Brooke was on the man’s throat before he could say much more. The man died quickly and it was no grand affair, but as Brooke sat to his side, reexamining the bag — a little more thoroughly this time — it occurred to him that he did not, in fact, view his wife’s true husband as a mortal enemy. He was not really an enemy at all. If anything, Brooke had stolen from the man and the man had only reclaimed what belonged to him. And Brooke had never really gotten along with his wife anyway, so he was no worse for the loss, when he thought it all the way through. The truth was, there was a hostility and a violence in him that was based on no external source. This was not a man Brooke had wanted to kill. Brooke had merely wanted to kill, and there was a man. The herd was too fascinating and dumb to suit the purpose. If the man was who Brooke suspected him to be, there was something meaningful behind the murder, even if there was no real good in it.
He was thinking about it too much. Spending too much time there with the body and the bulls. They had not reacted at all to the killing. The grass was soft and long beneath him. There was a subtle wind around them. This area did not frost, though it was late in the winter months. He and Sugar had taken the route through this part of the plains, feeling that, though a great deal longer, their travels would be more comfortable and they would have a greater chance of staying healthy and fit for when they came out the other end. Brooke found a small kerchief at the bottom of the man’s bag. Inside the kerchief was a bundle of small bones held together with a bit of wire. There was absolutely no way of knowing where it had come from or why, but Brooke assumed it was some attempt made by the man to keep his leavings to a minimum. Perhaps these bulls had nothing to do with him and he was on the run. Pursued by men or dogs or men with dogs, and any bit of scent left behind or too boldly displayed would be his undoing. Or maybe he had been traveling with the bulls to best obscure his trail. Or maybe it was an icon of some kind, a bit of religion the man carried with him. Brooke had no religion but knew enough to know that icons were a part of most Sunday gatherings. These manifested in very individual ways in people’s private lives and he was no one to judge what a man might carry with him and what it might mean to him. There was a bit of cheese and moldy bread in the bag too, which Brooke pocketed. There were no weapons and nothing more of any use, so Brooke abandoned the bag and the bones and the body and said goodbye to each of the bulls, one after the other.

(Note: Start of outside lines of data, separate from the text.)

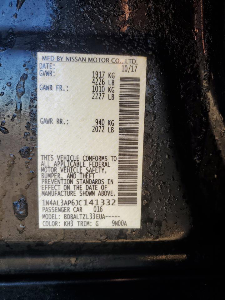 Колір ЧорнийЦиліндри 4VIN 1N4AL3AP6JC141332Стан Заводиться та їде (перевірено)Ушкодження Передня або задня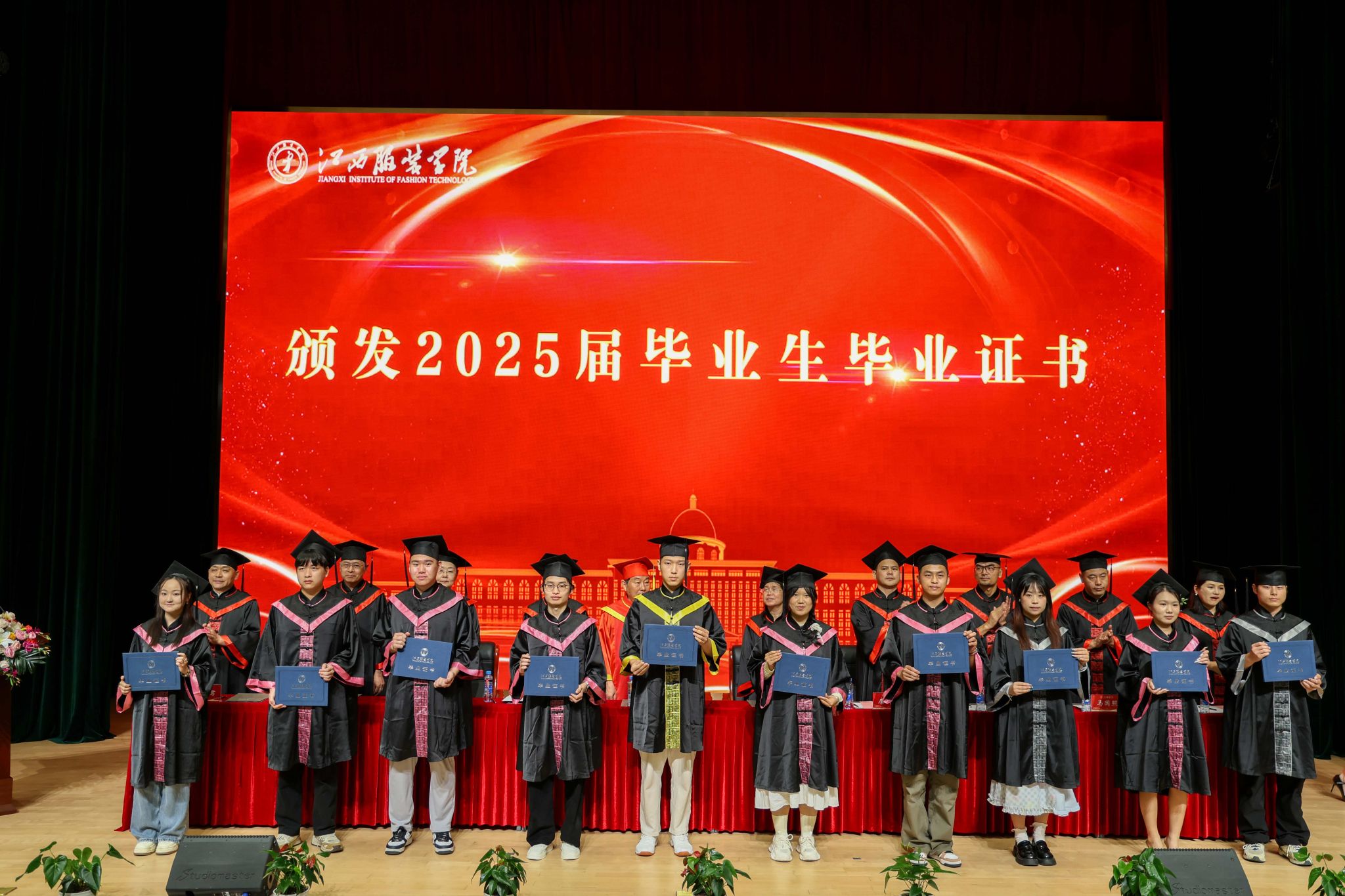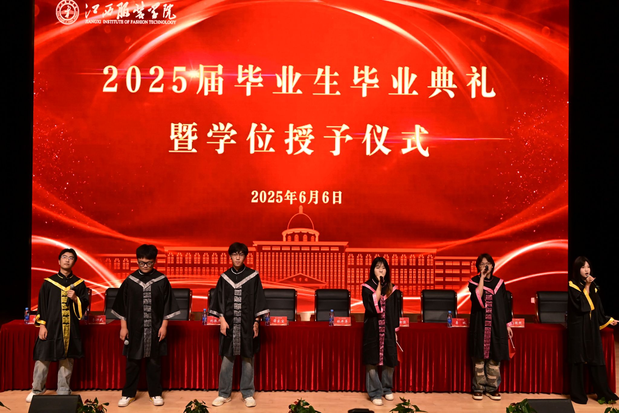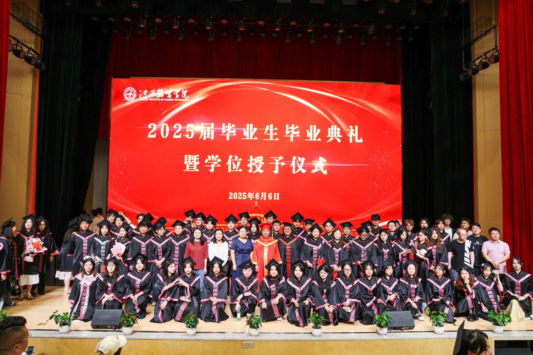 新闻中心讯(文/万强 图/钟宏鹏 申宇晨)栀子花开,骊歌唱响。6月6日上午,江西服装学院在体育馆报告厅举行2025届毕业生毕业典礼暨学位授予仪式。学校理事长涂燕萍,党委书记林井萍,校学位评定委员会主任、校长薛家宝和学位评定委员会全体成员出席典礼,各二级学院院长、书记、毕业班辅导员、班主任、教师代表、校友代表、家长代表与2025届毕业生代表齐聚一堂,共同见证这场奔赴星辰大海的青春启航。毕业典礼由党委副书记、副校长李宝君主持。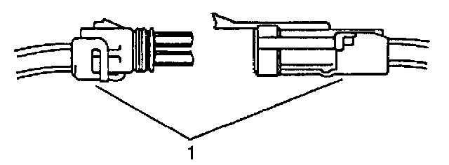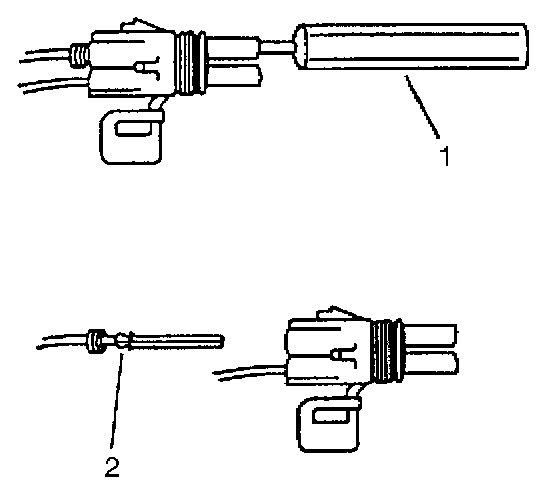 4. Insert the Weather Pack(R) terminal removal tool into the front (mating end) of the connector cavity until it rests on the cavity shoulder (1).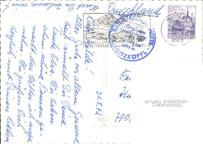 72184824 alte Postkarte Birgitzkoepfl Olympiazentrum Axamer Lizum Naturfreundehaus Solsteinmassiv postalisch gelaufen Erhaltung siehe scans KatCode: 11390332070306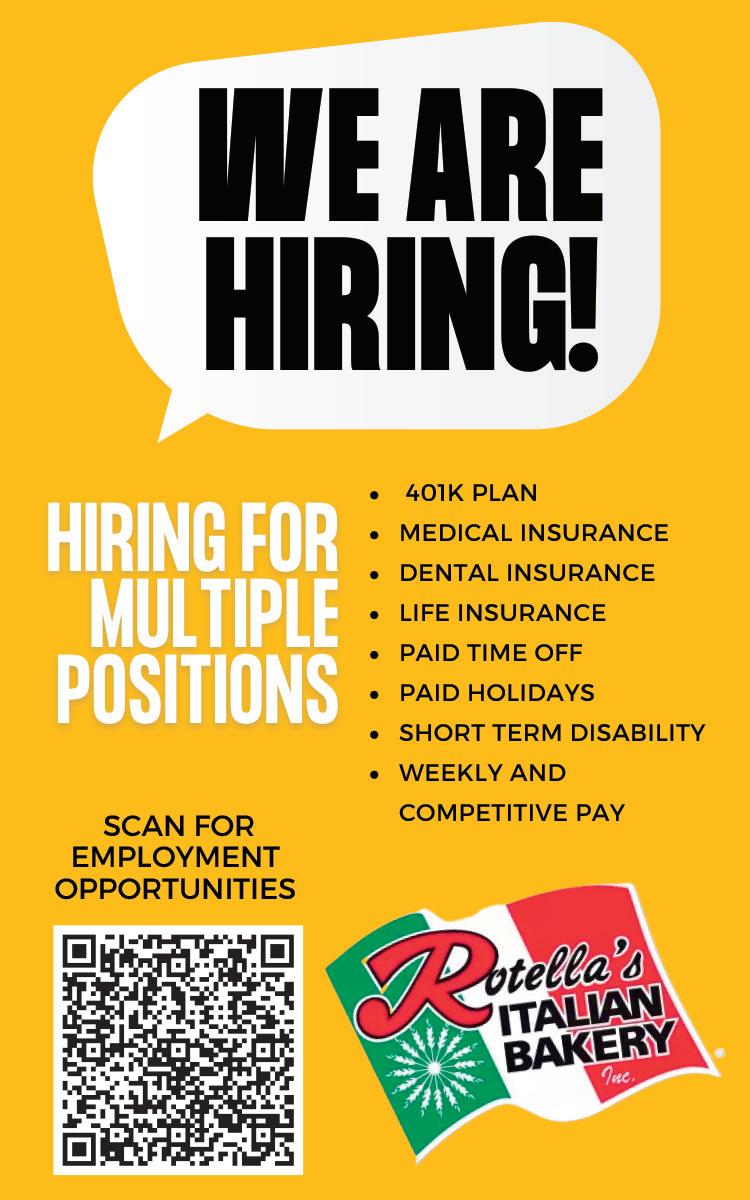WE’RE HIRING for multiple positions! Join our team and enjoy competitive pay, tons of benefits and a supportive work environment. Whether you’re looking to start a new career or grow in your field, Rotella’s Bakery has opportunities for you! Visit RotellasBakery.com or call 402-592-6600 to apply today!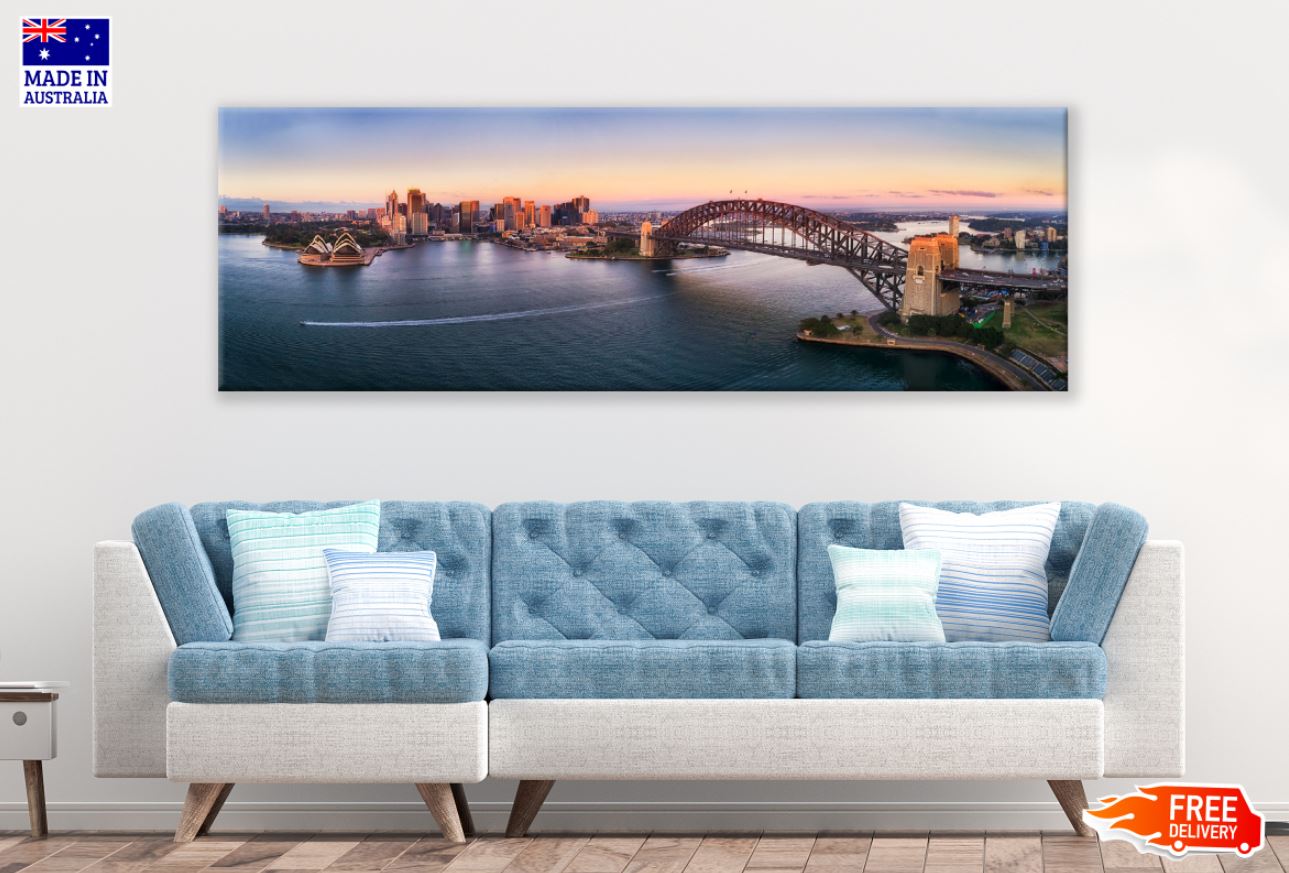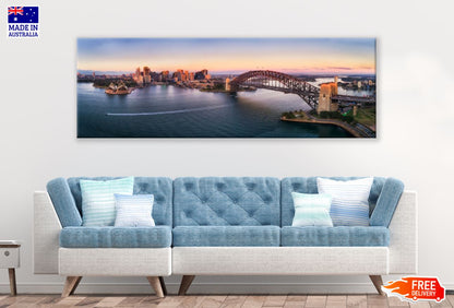 Panoramic Canvas Bridge Sunset Scenic High Quality 100% Australian Made Wall Canvas Print Ready to Hang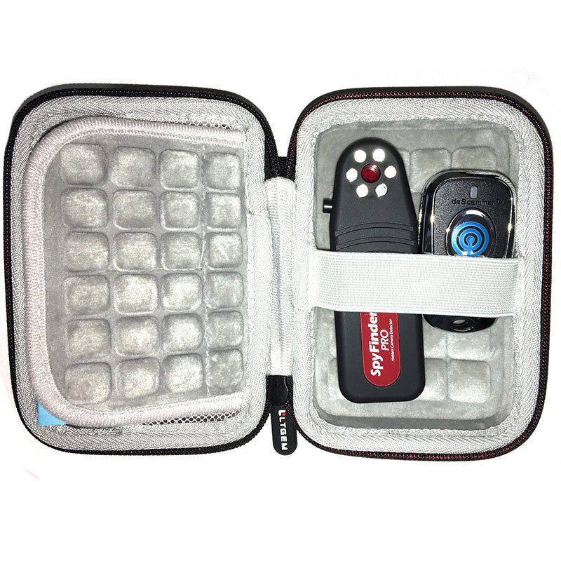 The first item in this handy travel case is the easy-to-use hidden camera lens finder SpyFinder Pro! Whenever the traveler checks into a hotel, AirbnB, or any overnight accommodation that's not in your own home, use the SpyFinder Pro to sweep the room for any camera. Spy Finder Pro will find hidden cameras regardless of whether they are powered on or off. Protect your privacy in one quick sweep.
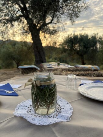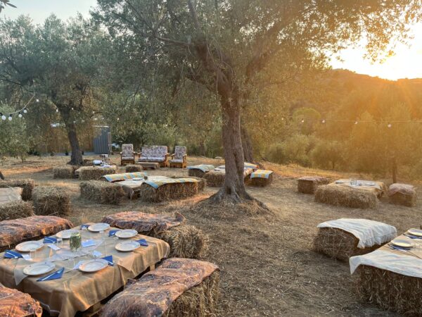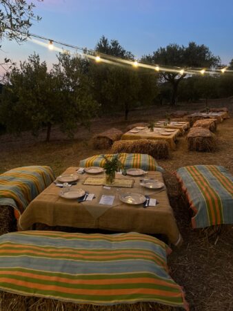 Ogni edizione di AperiOlio è un evento unico che si svolge al tramonto, tra ulivi secolari, balle di fieno, tavoli rustici e luci sospese. Un contesto informale ma raffinato, dove i visitatori sono accolti come amici. I piatti serviti sono vegetariani e leggeri, realizzati con ingredienti locali, accompagnati da cocktail aromatici e oli selezionati.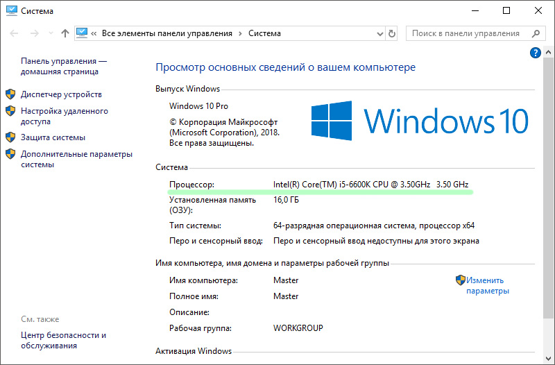 Здесь также можно просмотреть технические характеристики Windows, такие как выпуск и версия.

He loved his brother and they shared nearly everything, but something in him did not want to go into an attempt at explaining what had happened out there in the clearing that morning, so he kept the cheese and bread for himself and left the whole thing unmentioned. That was the one death he carried privately. The one death it was entirely possible no one ever knew he was responsible for, other than himself and the bulls. Whatever happened to the bulls was impossible to say. It was possible whoever had been after the man eventually did catch up with him. They would have been disappointed, seeing their work completed for them, but maybe there would be some condolence in the bulls that were left at their discretion. If he had been the man Brooke suspected, and the news ever made it back to his ex-wife, there was even the chance she would guess it was him who had done the killing. Judging by the man’s appearance, he had been out with the herd for some time. Or out in the wilderness for some time. Brooke had not been able to determine the man’s route, or had not taken the time to, and it was as possible that he was headed home as it was that he was headed out for good. Either way, if she heard anything she would likely hear that the man had been strangled. And, being a sharp lady and somewhat suspicious, she would likely assume it was Brooke. Which made him happy enough.